Water, Sanitation and Hygiene (WASH) in Schools

Water and Sanitation Hygiene

Disease prevention

Diseases related to inadequate water, sanitation and hygiene are a huge burden in developing countries. It is estimated that 88% of diarrhoeal disease is caused by unsafe water supply, and inadequate sanitation and hygiene (WHO, 2004c). Many schools serve communities that have a high prevalence of diseases related to inadequate water supply, sanitation and hygiene (particularly lack of hand-washing), and where child malnutrition and other underlying health problems are common. If everyone in the world had access to a regulated piped water supply and sewage connection in their houses, 1863 million days of school attendance would be gained due to less diarrhoeal illness (WHO, 2004c).

Schools, particularly those in rural areas, often completely lack drinking-water and sanitation facilities, or have facilities that are inadequate in both quality and quantity. Schools with poor water, sanitation and hygiene conditions, and intense levels of person-to-person contact are high-risk environments for children and staff, and exacerbate children’s particular susceptibility to environmental health hazards.

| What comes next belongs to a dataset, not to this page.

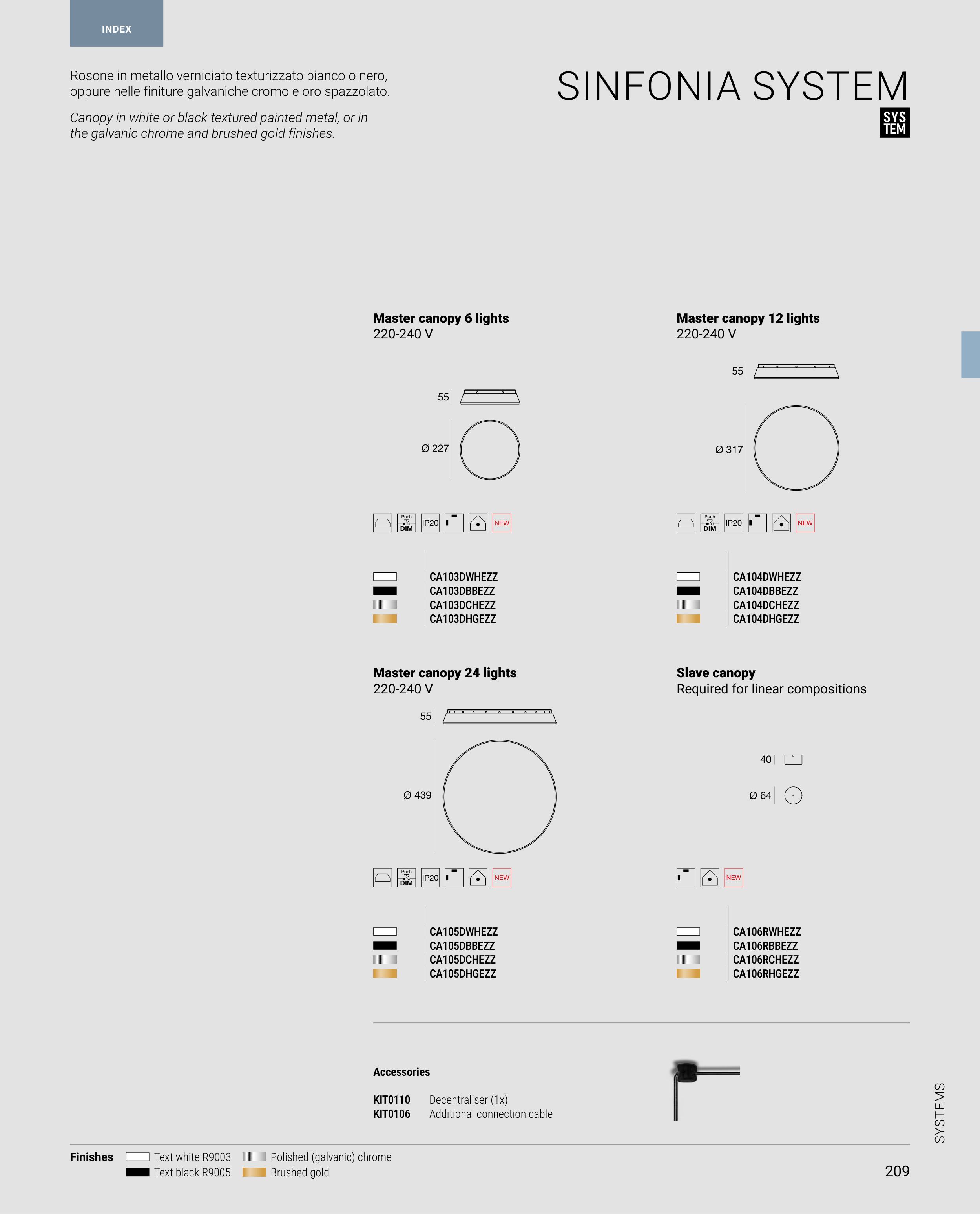 oppure nelle finiture galvaniche cromo e oro spazzolato.

These guidelines are designed to help strengthen water supply, sanitation and hygiene measures in particular, while recognizing the importance of, and links with, other areas of environmental health, such as air quality and physical safety.

Learning

Children’s ability to learn may be affected in several ways. Firstly, helminth infections, which affect hundreds of millions of school-age children, can impair children’s physical development and reduce their cognitive development, through pain and discomfort, competition for nutrients, anaemia, and damage to tissues and organs. Long-term exposure to chemical contaminants in water (e.g. lead and arsenic) may impair learning ability. Diarrhoeal diseases, malaria and helminth infections force many schoolchildren to be absent from school.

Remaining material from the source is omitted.